In the case of $\mathsf{Set}$, taking $B$ to have cardinality greater than 1, in every case the category of algebras is equivalent to $\mathsf{Set}^{op}$, i.e., $[-, B]: \mathsf{Set}^{op} \to \mathsf{Set}$ is monadic.

It's already been pointed out that this has a left adjoint, namely $[-, B]^{op}: \mathsf{Set} \to \mathsf{Set}^{op}$. By the crude monadicity theorem, it suffices to check that $[-, B]$ reflects isomorphisms and preserves reflexive coequalizers.

We know $[-, 2]: \mathsf{Set}^{op} \to \mathsf{Set}$ preserves reflexive coequalizers -- that's a special case of how Paré proved his theorem that for a topos $E$, that $[-, \Omega]: E^{op} \to E$ preserves reflexive coequalizers. Also, for any set $P$, we know that $P \times -: \mathsf{Set} \to \mathsf{Set}$ preserves connected limits and in particular equalizers. Therefore, $[-, 2^P]: \mathsf{Set}^{op} \to \mathsf{Set}$, being isomorphic to a composite

$\mathsf{Set}^{op} \stackrel{(P \times -)^{op}}{\to} \mathsf{Set}^{op} \stackrel{[-, 2]}{\to} \mathsf{Set}$

of functors that preserve reflexive coequalizers, also preserves reflexive coequalizers. Then $[-, B]$, being a retract of a functor $[-, 2^B]$ that preserves reflexive coequalizers, must also preserve reflexive coequalizers.

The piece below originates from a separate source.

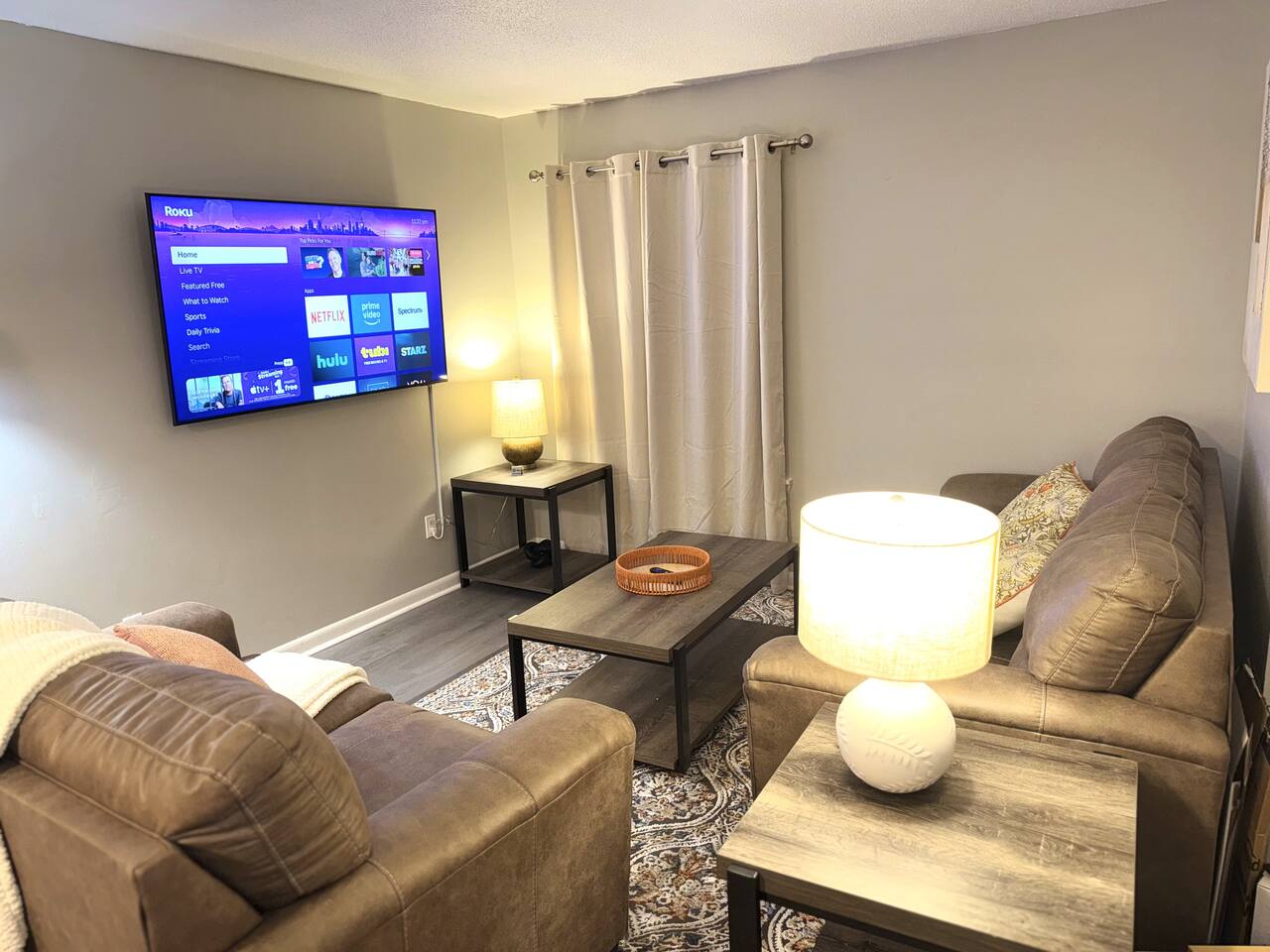 This Daleville apartment boasts 2 inviting bedrooms with 1 king bed and 1 queen bed. The living room also offers a cozy sofa bed for extra guests. The peaceful ambiance of this property is perfect for guests looking to unwind and relax. With amenities like heating, AC, WiFi, and a washing machine, your stay will be both pleasant and convenient. We hope you enjoy what our place and Daleville has to offer.

Isomorphisms in $\mathsf{Set}$ are epi-monos, so to see that $[-, B]$ reflects isomorphisms, it suffices that it reflects epis and monos. For that, it suffices that $[-, B]$ is faithful, or in other words that $B$ is a cogenerator. But this in turn follows from the fact that $2$ is a cogenerator and there is a monomorphism $2 \to B$.

fosco (Dec 27 2021 at 09:17):

Todd, this is very neat, thanks for taking the time to share it from your email :-)
What surprised me the most about this is that the algebras are the same for every $B$ of cardinality $>2$.

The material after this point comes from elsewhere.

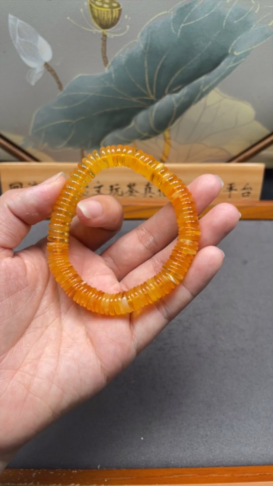 Amber Beeswax Bracelet, Total Weight Approx. 14g, Size About 9.9mm

Todd Trimble (Dec 27 2021 at 11:29):

You're welcome! Of course, one would also like a more intuitive understanding as well. That shouldn't be too hard to cook up.

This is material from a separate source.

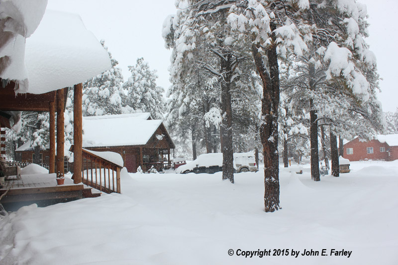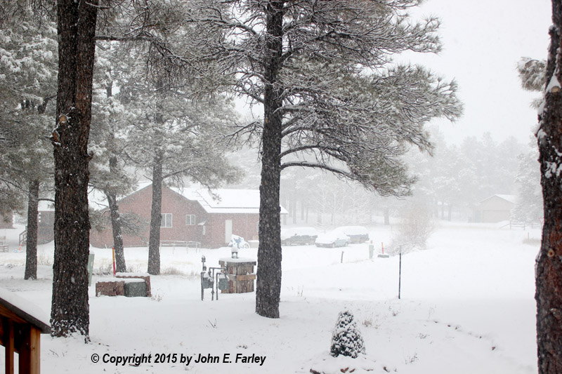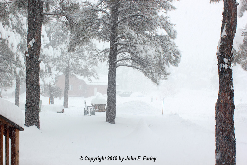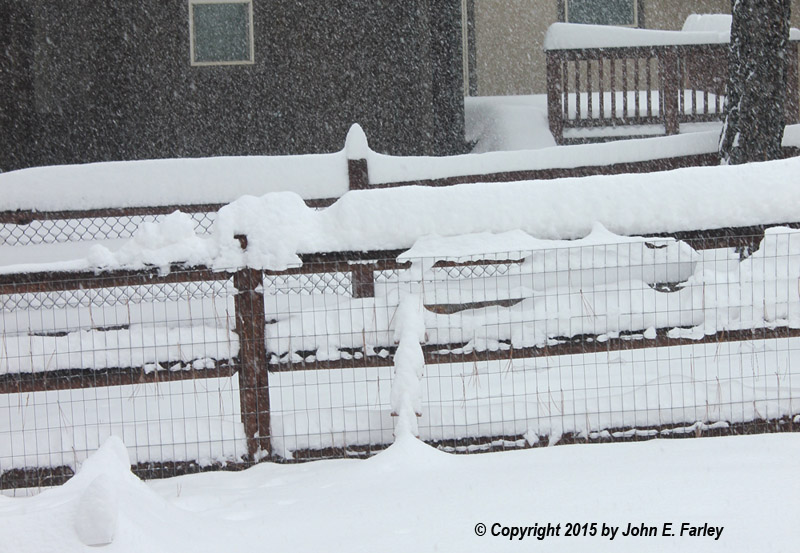 Snow began to fall at my home in Pagosa Springs, CO very early the morning of Saturday, February 22. By around 9 a.m., 2 inches had fallen, and a steady snow continued through most of the morning; indeed through most of the day. When this picture was taken around noon, we had received 4.7 inches of snow:

Seemingly related is the fact that $[, V]: \mathsf{Vect}^{op} \to \mathsf{Vect}$ is also monadic for any non-zero vector space $V$. This fact came up around the time Tom Leinster was writing his series of articles about ultrafilters and measures. Again, what is crucial is the fact that such $V$ is an injective cogenerator; see here.

What this also reminds me of is the fact that there are many Lawvere theories whose models are Boolean algebras. The usual Lawvere theory is opposite to the category of finitely generated free Boolean algebras, which by a baby version of Stone duality may be identified with the category of finite sets of cardinality $2^n$. But now here comes a nice trick: if $T$ is any category with finite products, and $\bar{T}$ is its Cauchy completion, then $\bar{T}$ also has finite products, and moreover the category of product-preserving functors $T \to \mathsf{Set}$ is equivalent to the category of product-preserving functors $\bar{T} \to \mathsf{Set}$. For example, the Cauchy completion of finite sets of cardinality $2^n$ is the category $\mathrm{Fin}_+$ of nonempty finite sets. But then, the same is true if we start instead with finite sets of cardinality of $3^n$! It follows that if we take our Lawvere theory to be $\mathrm{Fin}_{3^\bullet}$, then we get the same category of algebras, i.e., Boolean algebras!

That may seem a little weird. It shows that there are many "underlying set" functors $U: \mathrm{Bool} \to \mathsf{Set}$. But it makes a little more sense if you consider that the number of chains $x \leq y$ in a Boolean algebra with $2^n$ elements is $3^n$. Circling back around then to the top of this post, I propose that if we think of $\mathsf{Set}^{op}$ as the category of complete atomic Boolean algebras, then the functor $[-, 3]: \mathsf{Set}^{op} \to \mathsf{Set}$ sends a CABA = power set $P(X)$ to the set of 2-fold chains $a \leq b$ in $P(X)$. (Well, that's one way of thinking about it; there are others.)

Jules Hedges (Dec 29 2021 at 15:51):

Wow!

Jules Hedges (Dec 29 2021 at 15:52):

I wonder, was this really an open question, or is it "known" but just not well known

Jules Hedges (Dec 29 2021 at 15:53):

May I propose that someone writes this down somewhere more permanent than here (for example an nCafe post)?

Todd Trimble (Dec 29 2021 at 15:55):

(Thanks!) I think it's known to certain people like Lawvere. Certainly a conversation he had with me exerted an influence. I'd bet @Tom Leinster knows it on some level as well, and he may have written something like this down himself.

Todd Trimble (Dec 29 2021 at 16:08):

For example, Tom wrote this Cafe post, linking to this section in an nLab article. And definitely check out this other Cafe post, as well as his paper.

Jules Hedges (Dec 29 2021 at 16:13):

I wonder, if you squint enough, if this (namely that $\mathbf{Set}^{op}$ is "backwards") "explains" why $K_R$ is the "monad for the side effect of really gnarly control flow shenanigans"